Mości gospodarzu, domowy szafarzu,
Nie bądź tak ospały, każ nam dać gorzały
Dobrej z alembika, i do niej piernika.
Hej Kolęda, kolęda.
Chleba pytlowego i masła do niego,
Każ stoły nakrywać i talerze zmywać,
Każ dać obiad hojny, boś Pan bogobojny.
Hej Kolęda, kolęda.
Kaczka do rosołu, sztuka mięsa z wołu,
Z gęsi przysmażanie, zjemy to mospanie,
I cząber zajęcy i do niego więcej.
Hej kolęda, kolęda.
Jędyk do podlewy, Panie miłościwy,
I to czarne prosię, pomieści i to się:
Każ upiec piecznonki, weźmiem do kieszonki,
Hej kolęda, kolęda.
Mości gospodarzu, domowy szafarzu,
Każ dać butel wina, bo w brzuchu ruina:
Dla większej ofiary, daj dobrej gorzały.
Hej kolęda, kolęda.
Piwo będziem pili, będziem się cieszyli,
Nie czekaj ruiny, daj połeć słoniny,
Dla większej ochoty, daj czerwony złoty.
Hej kolęda, kolęda.
Albo talar bity boś Pan wyśmienity,
Daj i bóty stare, albo nowych parę,
Daj i żupan stary i grosik do fary.
Hej kolęda, kolęda.
Mości gospodarzu, domowy szafarzu,
Każ spichrze otworzyć i miechy nasporzyć,
Zyta ze trzy wory i wołu z obory.
Hej kolęda, kolęda.
Na piwo jęczmienia, koni do ciągnienia,
Jagły jeśli macie, to nam korzec dacie,
Tararki na kaszę, kocham przyjaźń waszę.
Hej kolęda, kolęda.
Grochu choć z pół woru, z tutejszego dworu,
Na mąkę pszenicy, zjemy społem wszyscy,
Owsa ze trzy miary, dla większej ofiary.
Hej kolęda, kolęda.
Mościa gospodyni, domowa mistrzyni,
Okaż swoją łaskę, każ dać masła faskę,
Jeżeliś nie sknęra, daj i kopę sera.
Hej kolęda, kolęda.
Mościa gospodyni, domowa mistrzyni,
Okaż swoją łaskę, każ upiec kiełbaskę,
Którą kiedy zjemy, to podziękujemy.
Hej kolęda, kolęda.
Kolędę “Mości gospodarzu” śpiewamy w mojej rodzinie już ponad 30 lat – od czasu gdy moi bracia wujeczni znaleźli na strychu swojego dziadka – kowala – starą kantyczkę w drewnianych okładkach i archaiczną pisownią. (Ich dziadek wówczas jeszcze żył i dziarsko podśpiewywał).

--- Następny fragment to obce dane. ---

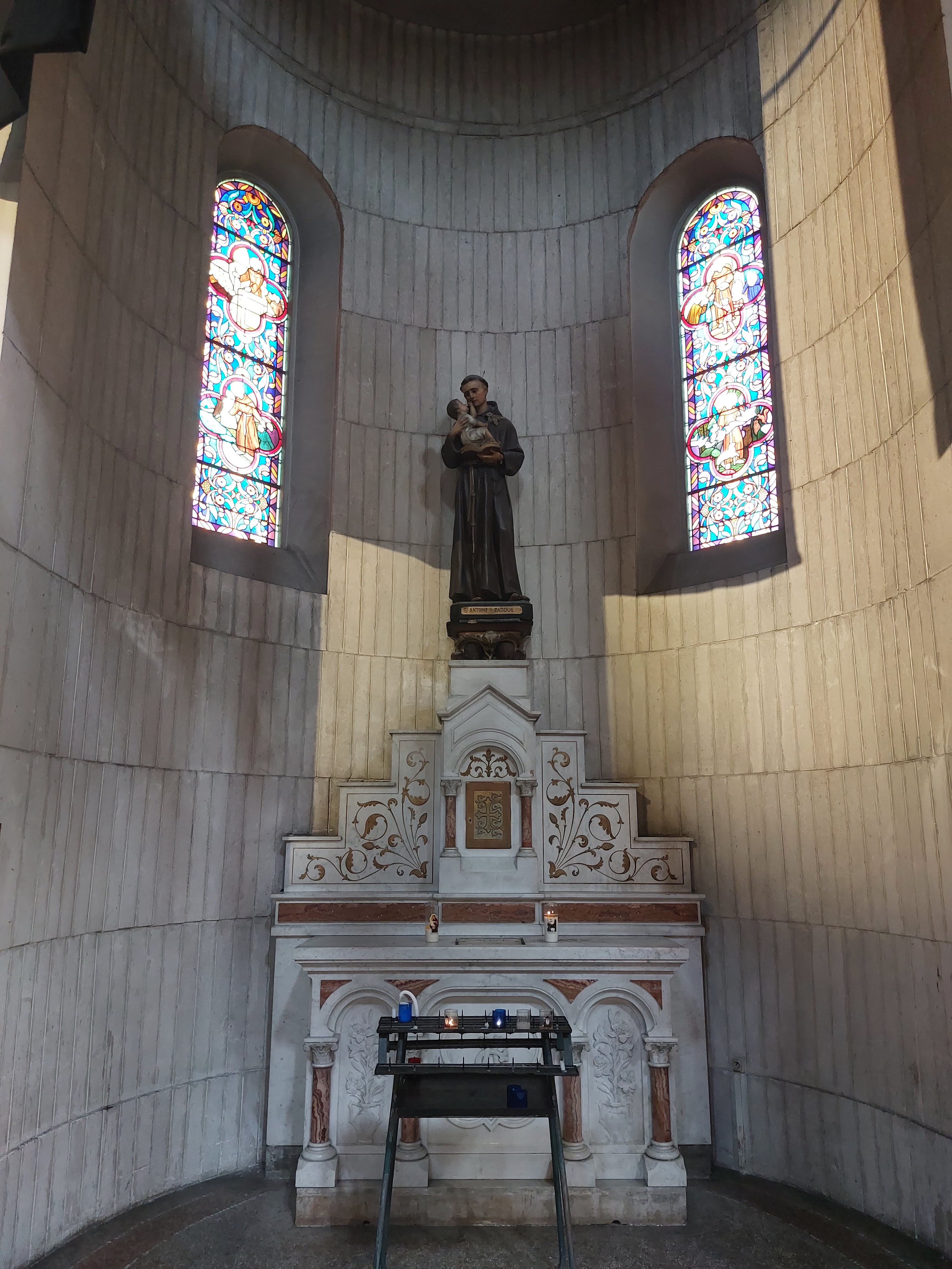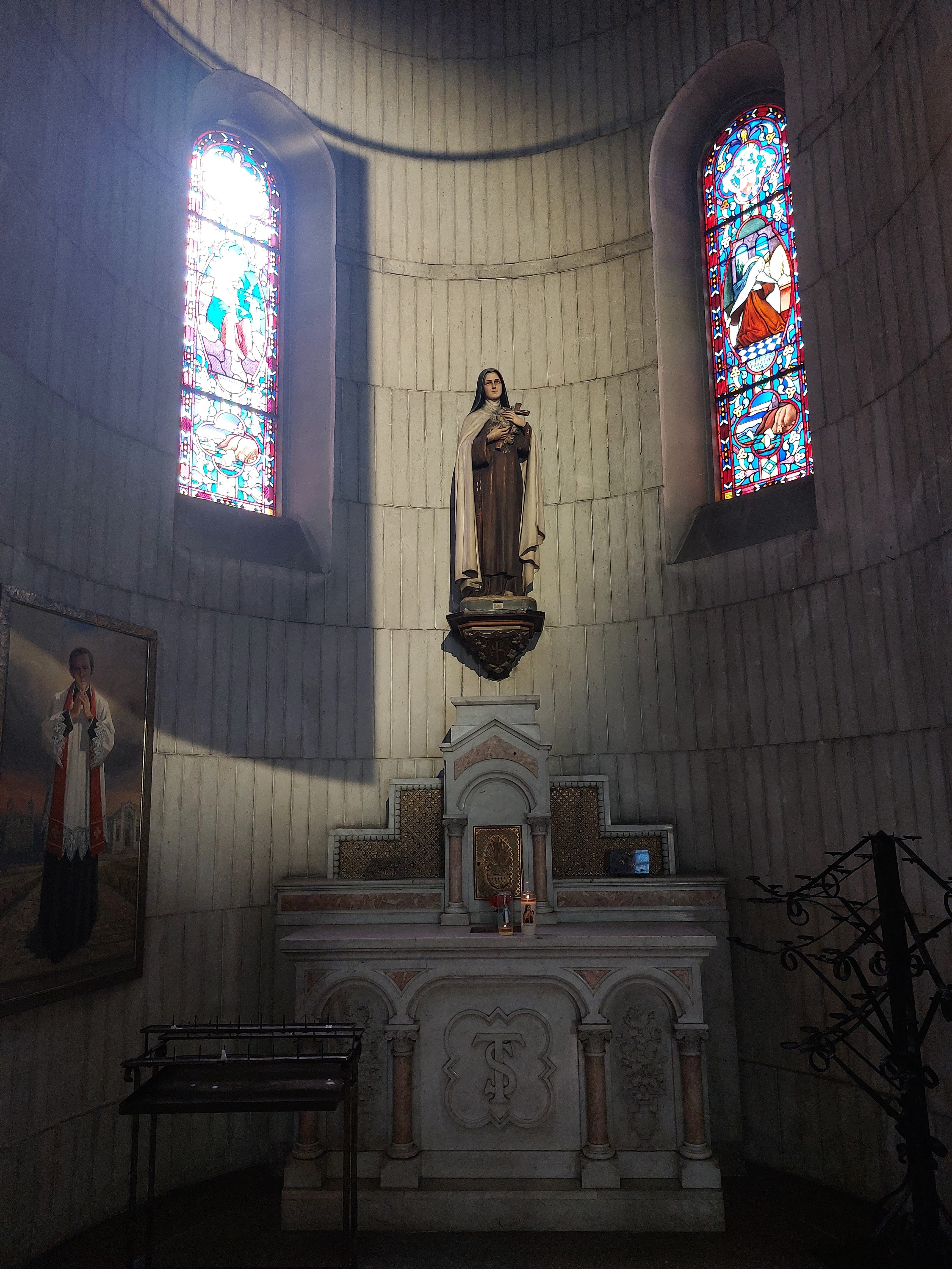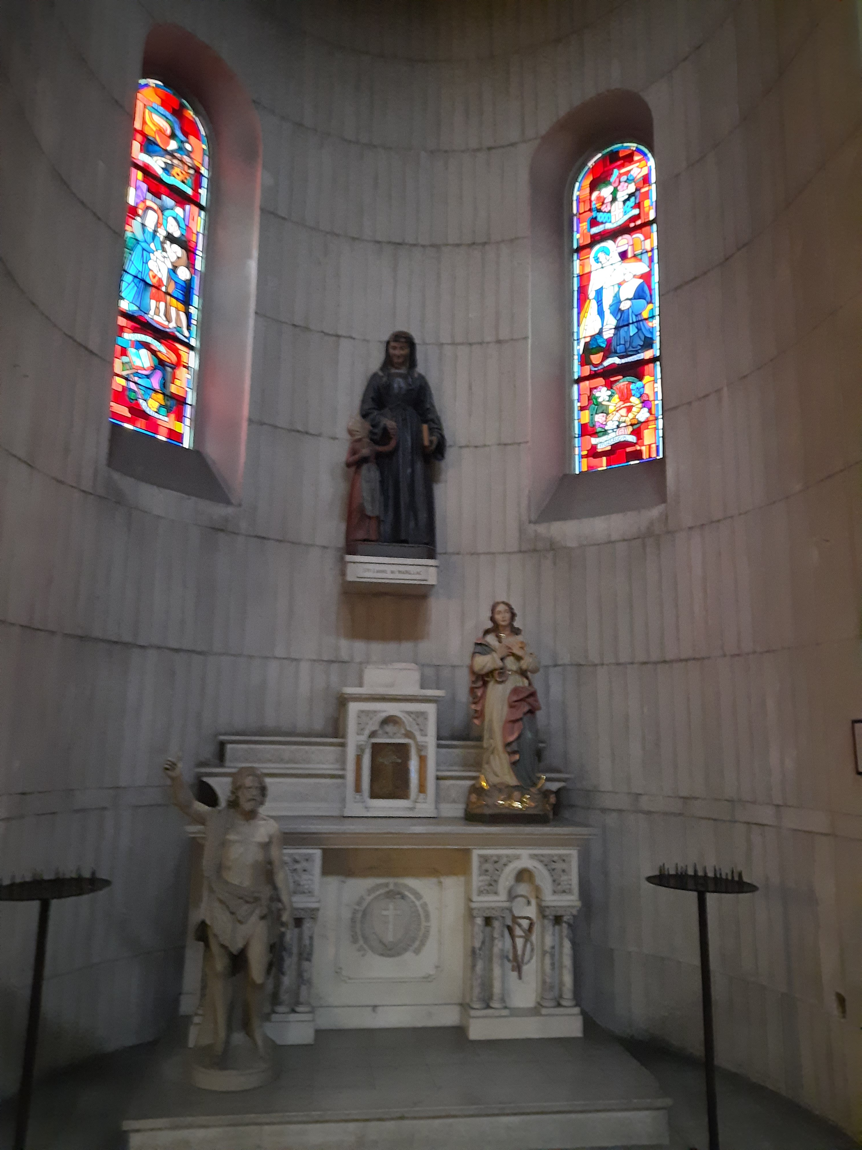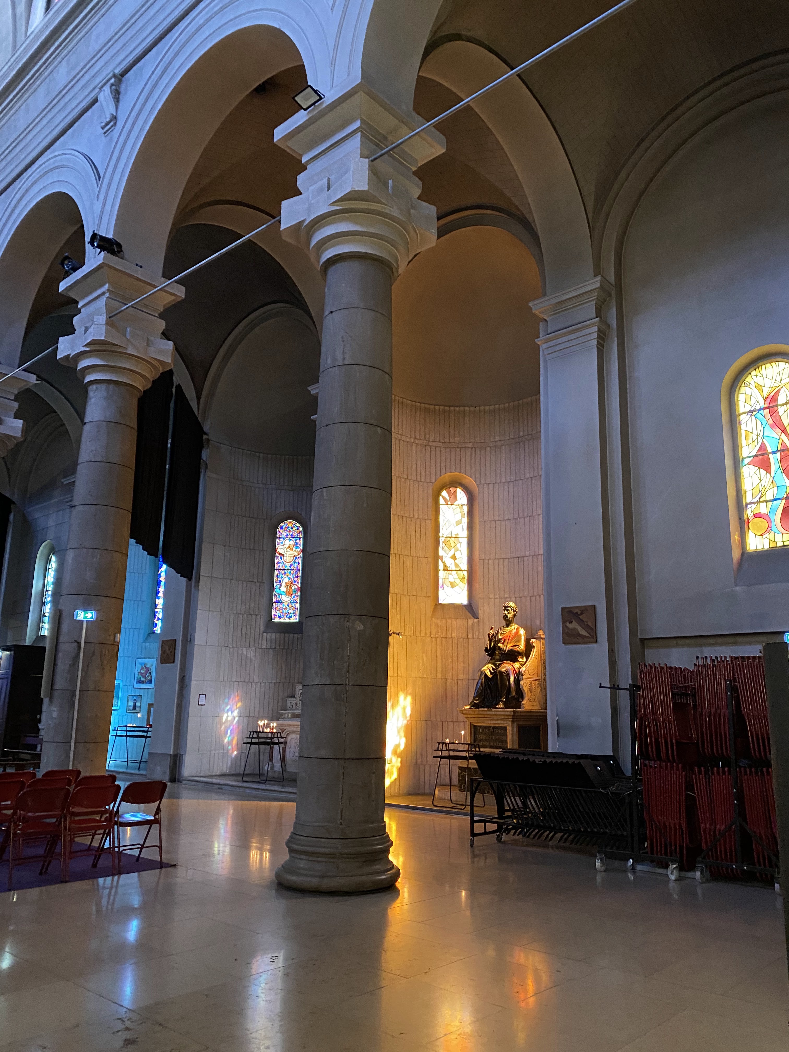 Frenesis surréaliste de l'art contemporain qui trouve difficilement sa place dans une église; Surtout que les sujets ne sont pas tres catholique...on cache le beau et noble par du cuivre avec des scultures d'un mauvais goût ou inculture total certain genre des gorilles pour representé l'homme et la femme. Et c'est rare de trouver une telle chaleur dans une église de pierre. Aucune eau bénite soi disant à cause du covid mais franchement presque toutes les églises de Nice ne prennent plus le soin de s'en occupé et ça bien avant le covid...donc à voir....Je deconseille ce lieu comme sanctuaire ou lieu de bien être...pour les messe ou les reliques je vous laisse juge. anciennement enfant de coeur dans ce lieu avant si paisible et qui ressemble comme beaucoup trop d'église à des bureau et collecte de fond.

Ww. kolędę śpiewamy dopiero od pierwszego dnia Świąt Bożego Narodzenia bo w Wigilię u nas nie pożywa się alkoholu nawet pod postacią wina. 🙂
Jeden z moich braci wujecznych zapoczątkował ciekawą tradycje związaną z ww. kolędą: od kilku lat w święto Trzech Króli – obchodzą wraz z sąsiadami domy na swojej ulicy – śpiewając tradycyjne kolędy – zaś ostatnią kolędą jest właśnie “Mości gospodarzu”. Wówczas gospodarz/gospodyni czuje się w obowiązku ugościć “czym chata bogata” nie nie oszczędzając spiżarni ani piwniczki – zaś dzieciaki częstuje cukierkami. Gospodarze ugościwszy kolędników zwykle dołączają do nich odwiedzając kolejnego sąsiada – gdzie historia się powtarza. (Przypomina to nieco szlachecki kulig znany z siekiewiczowskiego “Potopu” 🙂 ). Kolędnicy kończą trasę w domu mojego brata – gdzie biesiada (dla najwytrwalszych 🙂 ) trwa nadal. Co roku korowód kolędników i samo kolędowanie się wydłuża gdyż kolędowanie takie tak się spodobało mieszkańcom osiedla że coraz to dalsi sąsiedzi dopytują się czy aby ich kolędnicy nie ominą 🙂 Hej kolęda, kolęda.